1/4 teaspoon Black Pepper

1/4 cup Red Wine, good quality


FILLING

1 1/2 cup Part skim Ricotta Cheese

3/4 oz Parmesan Cheese, grated

Egg

12 Lasagne Noodles cooked and drained

3 cup Marinara Sauce, homemade

1/2 cup Mozzarella Cheese, diced

Bechamel Sauce

Method for making Ratatouille Lasagne

Preheat oven to 350 degrees F. To prepare ratatouille, in 5 quart dutch oven, heat oil. Add onions and garlic. Stir for a minute or two, add zucchini, yellow squash, mushrooms, eggplant and cook for 5-6 minutes.

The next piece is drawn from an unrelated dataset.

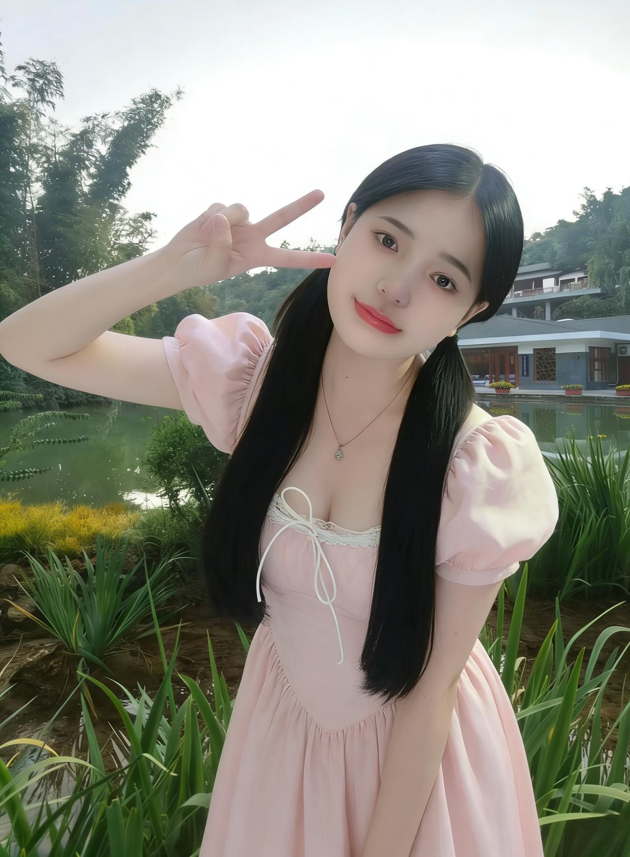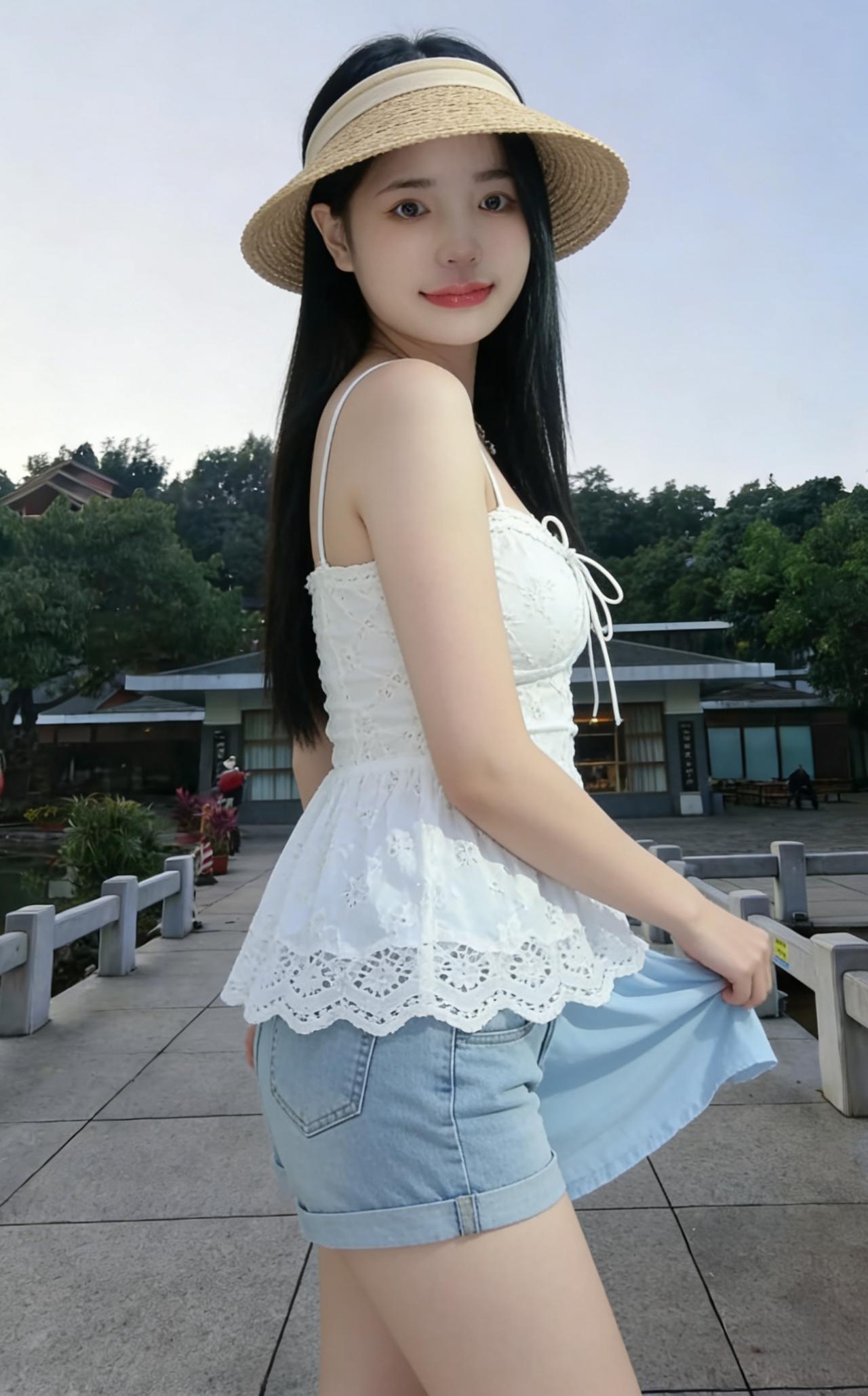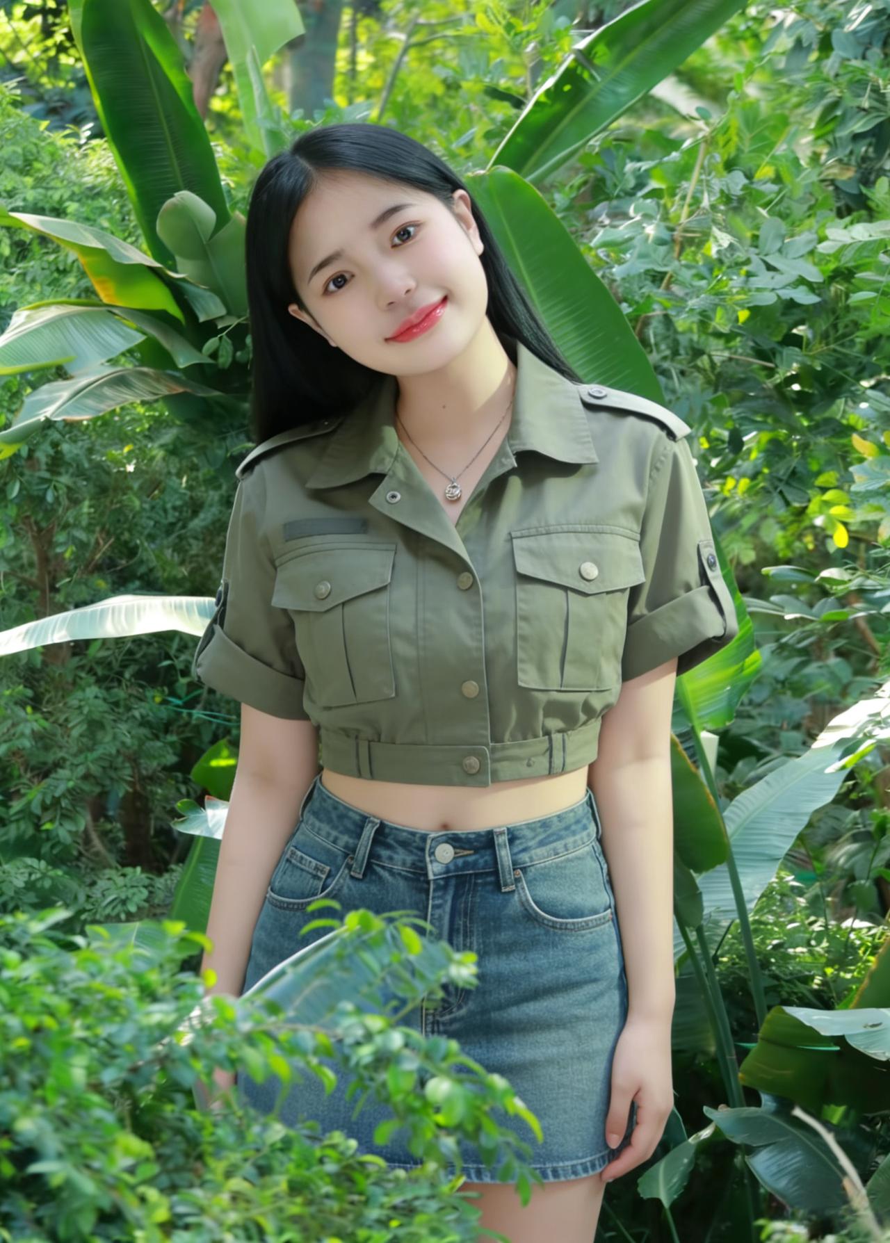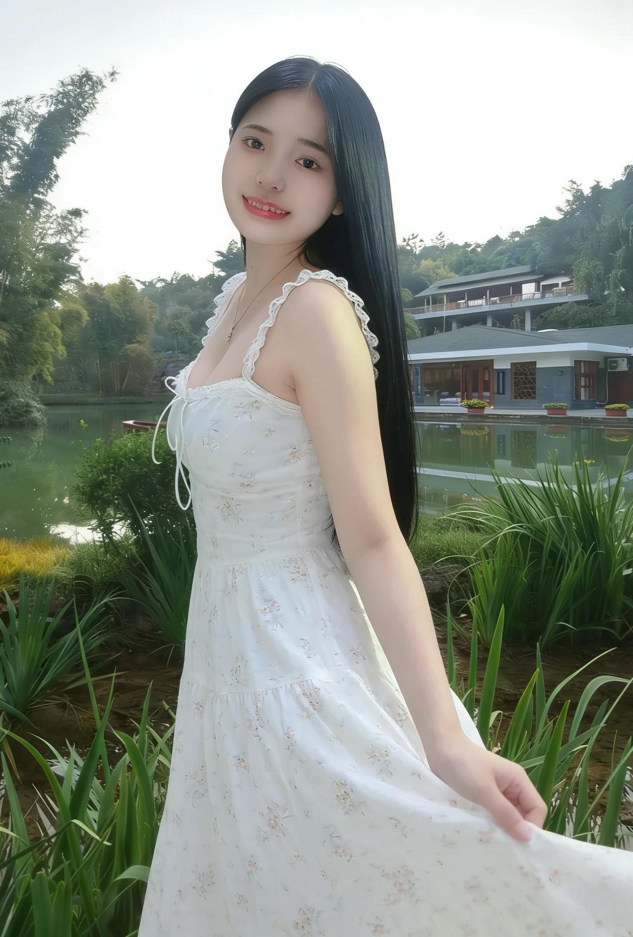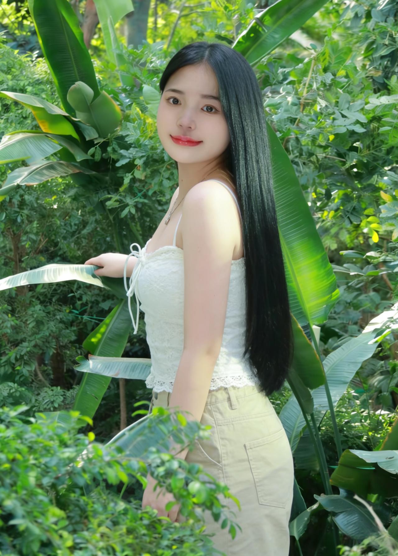 幽林藏秀色,玉立倚清光。 云袂裁云影,青丝覆雪霜。 明眸含远黛,素颈缀银珰。 不语心先醉,风轻韵自长。

Keep stirring to prevent sticking. Stir in drained tomatoes, and seasonings. Add wine. Bring to boil. Reduce heat to low, cover and simmer about 10 minutes. Spray an 12 x 8 inch lasagne size pan with nonstick cooking spray. Prepare filling:- In medium bowl, combine ricotta cheese, parmesan cheese and egg. Blend well. Put a thin layer of marinara sauce in bottom of pan. Put 6 lasagne noodles on top of sauce. Layer with half the cheese mixture, half the ratatouille and the remaining cheese mixture. Cover with remaining 6 noodles. Add a very thin layer of marinara sauce. Sprinkle with mozzarella. Pour prepared Bechamel sauce over top. Cover with foil and bake 45 minutes or until bubbly. Remove foil and let brown about 4-5 minutes. Serve with grated Parmesan cheese.